# new to the forum



## mike k (Jun 22, 2010)

hi people

just an introduction

im mike

i have just started to try and breed fancy mice as i already breed rats for my snakies

i have not as of yet had any bay mice (execpt in the past) as only had them a little while 
im not to clued up on the different kinds yet
but im looking and learning 
so far i have 
white ones red eyes
black and white
brown
grey (dark and light)

will have to post up pics so i know what they are

oh did i say i breed snakes
mostly corns and royals

hope to speak to u all again

thanks mike


----------



## Matt Haslam (Mar 13, 2010)

Welcome

I am from Manchester too! I breed mice and rats. great to have local contacts.

where are your mice from originally?


----------



## mike k (Jun 22, 2010)

pet shop near me as i wasnt interested in them as much as i am now
so now wanting more but different types


----------



## Matt Haslam (Mar 13, 2010)

cool, pet shop mice are a lot smaller generally than show types; have you seen show mice in the flesh; they look amazing!
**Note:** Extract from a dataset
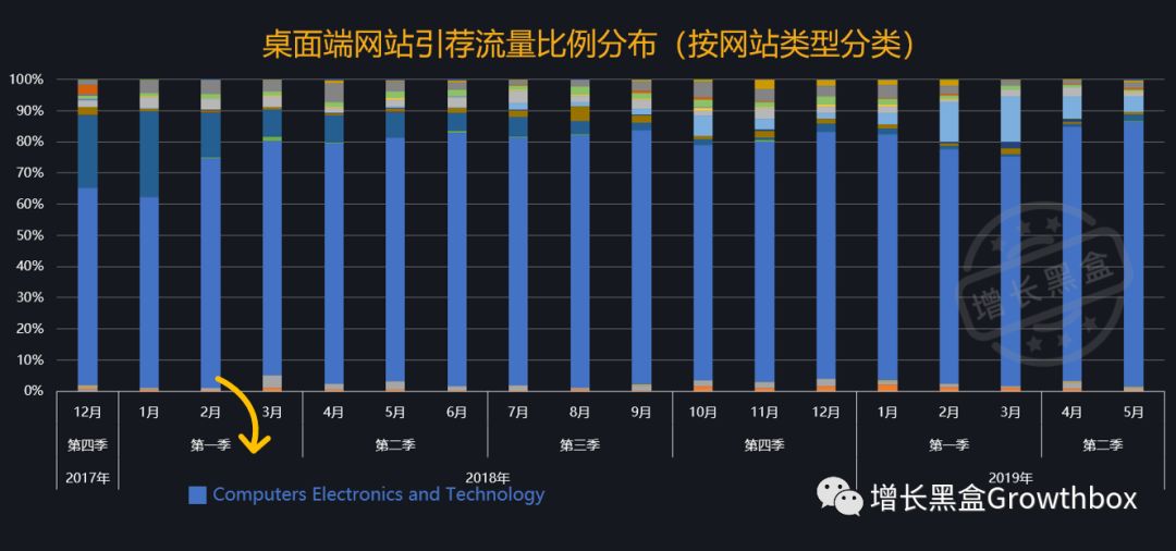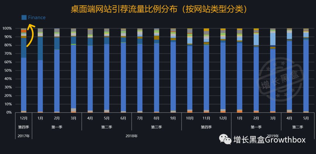 而在桌面端引荐流量中,我们发现,2018年初出现一批金融类网站的引荐流量。

your welcome to come have a look at mine; i've only just started too. visit my site to see. I've just had my first litter of show line mice.


----------



## mike k (Jun 22, 2010)

Yes looked at ur site 
Didn't know about the size difference
Could possible come to see u today after the match of course
Send us ur postcode and house num in a pm


----------



## WoodWitch (Oct 18, 2009)

Hi Mike, Pleased to meet you

:welcomeany


----------



## Cait (Oct 3, 2008)

Hi Mike, nice to see another member interested in breeding better quality, better cared for mice as feeders rather than using the farmed rubbish. Let us know if you met up with Matt.


----------



## windyhill (Jan 19, 2010)

Welcome to the forum


----------



## The secret garden (May 13, 2010)

Give me your royals!

Edited to put in pllllleeeeeeeaaaaaasssssseeeeeee


----------



## Jack Garcia (Oct 9, 2009)

Hello and welcome!  Please stick around!


----------



## mike k (Jun 22, 2010)

Sorry royals will be stayin where they are thank you

Especially when one is about to give me eggys

And yes I will be stickin around

Mike


----------